Al centro della mobilitazione, promossa da cittadini e
associazioni, la richiesta di interventi concreti e tempestivi a sostegno delle
persone con disabilità che utilizzano ausili per gli spostamenti quotidiani. La
mobilità – sottolineano gli organizzatori – rappresenta una condizione
essenziale per l’autonomia, l’inclusione sociale, il lavoro e la piena
partecipazione alla vita pubblica.
Tre le principali rivendicazioni:
·
Riparazione degli ausili in giornata, per evitare lunghi periodi senza
carrozzina o scooter elettrico;
·
Sostituzione immediata dei
dispositivi non funzionanti, garantendo continuità negli spostamenti;
·
Assicurazione obbligatoria, per tutelare utenti e terzi.

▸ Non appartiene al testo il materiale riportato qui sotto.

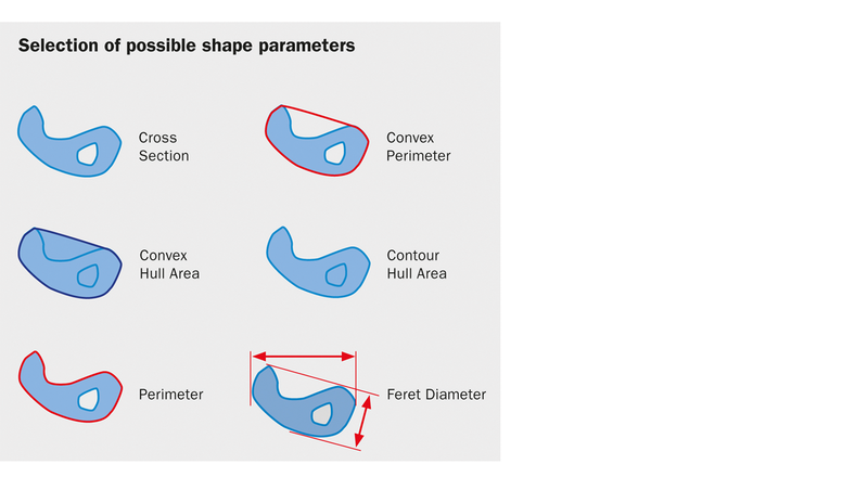 Just choose which statement is of interest to you: the Circularity in regards to the Minimum Feret Diameter, the aspect ratio, applied on the porosity, or the convexity as a function of the particle Cross Section.

L’appuntamento intende richiamare
l’attenzione delle istituzioni regionali sulla necessità di procedure più
rapide ed efficaci nella gestione e manutenzione degli ausili, considerati
strumenti indispensabili e non semplici dispositivi accessori.
Lo slogan scelto per la giornata sintetizza il messaggio della protesta: senza la possibilità di muoversi liberamente, viene meno una parte sostanziale della libertà personale. La manifestazione si propone come momento di sensibilizzazione pubblica e di confronto diretto con la Regione, affinché il diritto alla mobilità sia riconosciuto e garantito in modo pieno ed effettivo.